There was a span of time in my career when I was completely obsessed with the topic of leadership. I poured through all kinds of material about the topic and have resolved that there are very few leaders in our world - in our industry. I think most organizations promote people that are good at their craft (sales, engineering, etc.) into management positions without mentoring and training them to be real managers. Then they promote those same managers into leadership roles without regard to the massive difference in the roles. This disregard for true succession planning and vision is a big reason why there is such a huge plateau in our GNP. 

 

  • Employees are typically hired for their craft. Assembly worker, engineer, accountant, sales, etc.. Their role is to be highly productive with good quality work to support the organization’s objective. If they do well, they can be promoted to a supervisor role.
  • Supervisors watch what the employees do and micromanage to make sure the right activity is being done at the right time so their team can support the organization’s objectives. They track and measure the results and report to a manager. If they do well, they can then become a manager. 
  • Managers set goals to support the overarching organizational strategy and then communicate them and drive subordinates to achieve the goals. Ideally they are managing results and running reports to affirm that they are being achieved. If they do well, they can be promoted to a leadership role.
  • Leaders are responsible for setting and delivering the organization’s vision and high-level organizational objectives. Their day-to-day function is much more obscure than that of a manager, supervisor, or standard employee. A leader takes risks, exercises their “backbone” and connects with all levels of the organization, customers, competitors, sales channel and vendors to push and champion the organizations vision and strategies. They walk the walk and talk the talk... Over and over again.
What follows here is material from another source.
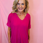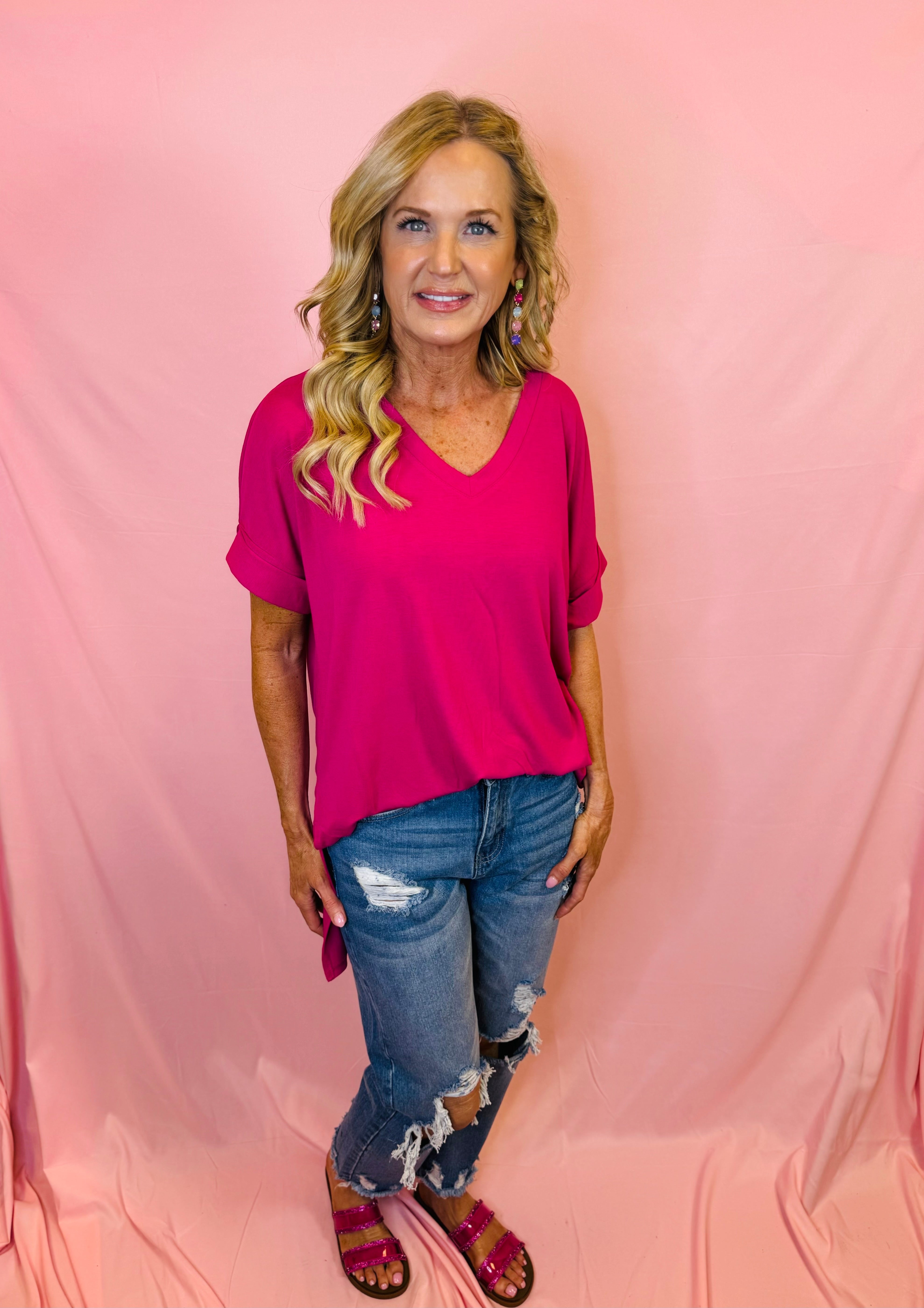 Elevate your style with our Magenta Rolled Sleeve V-Neck Top. Featuring rolled sleeves and a side slit high-low hem, this versatile top is perfect for a modern and chic look. Made from super soft fabric, it's also comfortable to wear. Upgrade your wardrobe today!

They are redundant in their message but it is the constant reinforcement of the vision and strategy - connected through all levels that drive managers to manage with passion and supervisors to supervise with purpose. When you have that kind of leadership in an organization, you will find market growth.

 

Most individuals in leadership roles today are reporting to share owners who prioritize short-term profits over long-term investments. Most likely they will not understand the disconnect happening when their organization continues to try to connect with the younger generation of customers through traditional marketing methods. The bleeding market share will eventually force them to make a change... unless they invest in and stand behind real leadership.